Since the filing of Amendment No. 9, (1) on March 10, 2025, the compensation committee of the issuer's board of directors granted 200,000, 200,000, 200,000, 150,000, 302,500, and 250,000 shares of common stock to Chun-Hsien Tsai, Ting Chuan Lee, Chun-Jung Tsai, Chung-Yi Tsai, Chih-Heng Lu, and Hsin-Liang Lee, respectively, as special stock awards, which fully vested on the same day. The special stock awards were approved the shareholders of Ainos, Inc. on September 27, 2024; (2) 1,468 restricted stock units ("RSUs"), owned by Chung-Yi Tsai, vested on January 31, 2025, in connection with RSUs granted to Chung-Yi Tsai under the Ainos, Inc. 2021 Stock Incentive Plan, as amended by the 2023 Stock Incentive Plan; and (3) on March 10, 2025, the Company entered in to an amendment to the convertible note, dated March 13, 2023, which increased the number of shares issuable to ASE Test upon conversion of the convertible note by 836,711 shares, as previously reported by the Issuer. Under the 2024 Voting Agreement, the 2024 Voting Agreement II, ASE Voting Agreement, and the 2025 Voting Agreement, Ainos KY has the sole discretion to determine the vote of all the parties' voting stock of the Issuer. The information requested by this Item 3 is incorporated herein by reference to Item 5 hereof.

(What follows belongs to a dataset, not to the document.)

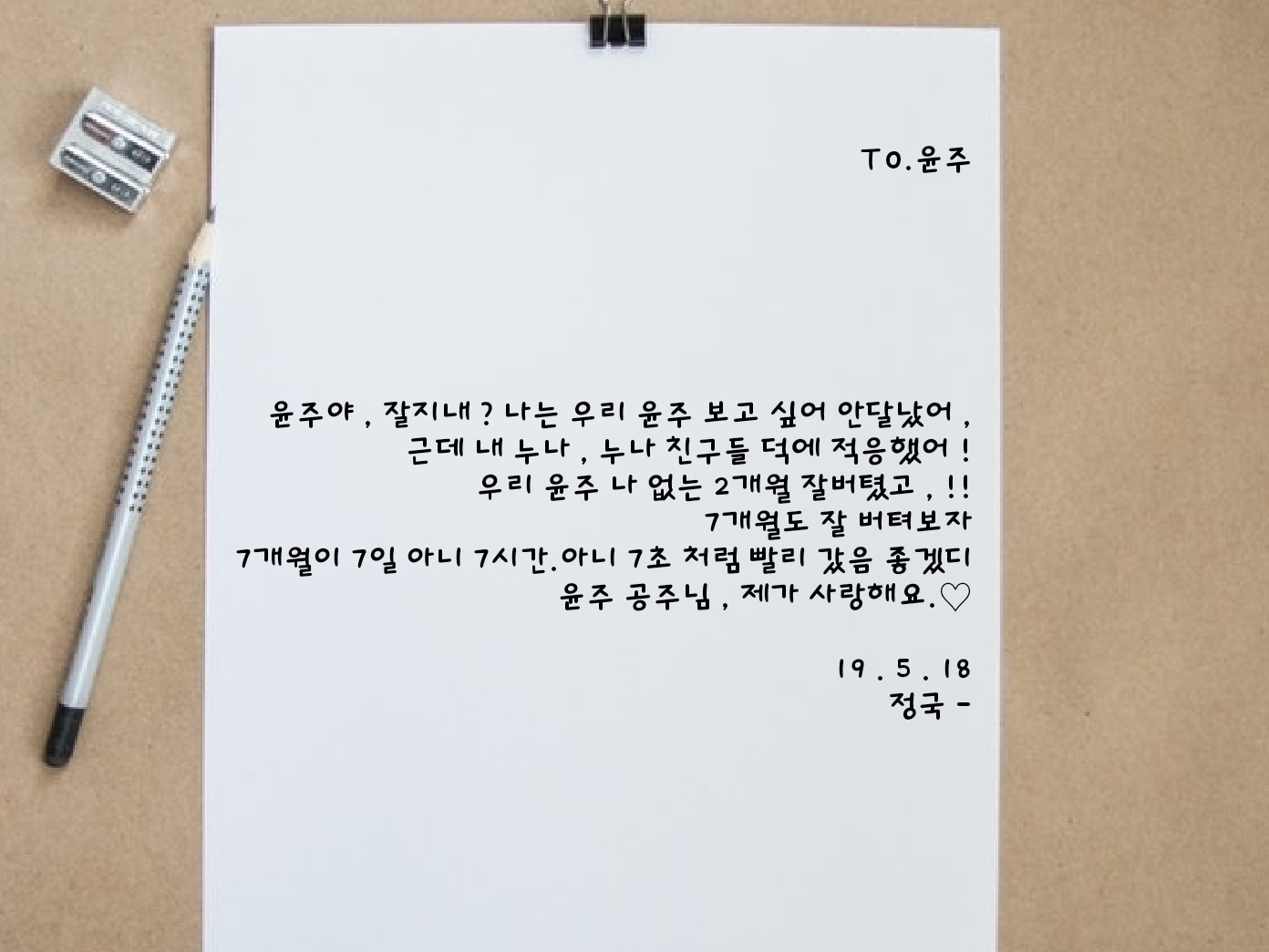 Gửi Yoonju: Yoonju, cậu khỏe không? Tớ nhớ cậu nhiều lắm, nhưng nhờ chị gái và bạn bè của chị ấy mà tớ cũng quen rồi! Yoonju, cậu đã vượt qua hai tháng không có tớ rồi đấy!! Chúng ta hãy cùng nhau vượt qua bảy tháng tiếp theo thật tốt nhé. Bảy tháng trôi qua nhanh quá, như bảy ngày, không, bảy giờ. Không, bảy giây.

(a) - (b) The information requested by these paragraphs are incorporated herein by reference to the cover pages to this Amendment No. 10.
(c) Since the most recent filing of Amendment No. 9 to Schedule 13D on November 27, 2024, the following transactions have occurred: (1) The Tsai Group acquired 750,000 shares of common stock on March 10, 2025, upon the grant and vesting such shares as special stock awards, with the Issuer's stock price on the vesting date being $0.46 per share; and (ii) 1,468 shares of common stock on January 31, 2025, in connection with the vesting of the RSUs granted to Chung-Yi Tsai under the 2021 Stock Incentive Plan, as amended by the 2023 Stock Incentive Plan, with the Issuer's stock price on the vesting date being $0.68 per share. (2) Chih-Heng Lu acquired 302,500 shares of common stock on March 10, 2025, upon the grant and vesting of such shares of common stock as special stock awards, with the Issuer's stock price on the vesting date being $0.46 per share. (3) ASE Test acquired 836,711 shares of common stock issuable upon exercise of the convertible note, dated March 13, 2023 and as amended on March 10, 2025. (4) Hsin-Liang Lee acquired 250,000 shares of common stock on March 10, 2025, upon the grant and vesting the such shares of common stock as special stock awards, and entered into the 2025 Voting Agreement with Ainos KY on the same day. The number of the total shares owned by Hsin-Liang Lee was 276,376 shares on March 10, 2025.
(d) No other person is known to the Parties to have the right to receive or the power to direct the receipt of dividends or the proceeds from the sale of the Shares (other than their respective records owner).
(e) Not applicable.
There are no contracts, arrangements, understandings or relationships (legal or otherwise) among Ainos KY or the Parties and any other person with respect to any securities of the Issuer, including, but not limited to transfer or voting of any of the securities, finder's fees, joint ventures, loan or option arrangements, puts or calls, guarantees of profits, division of profits or loss, or the giving or withholding of proxies.
Voting Agreement, dated March 10, 2025, between Ainos, Inc. and Hsin-Liang Lee.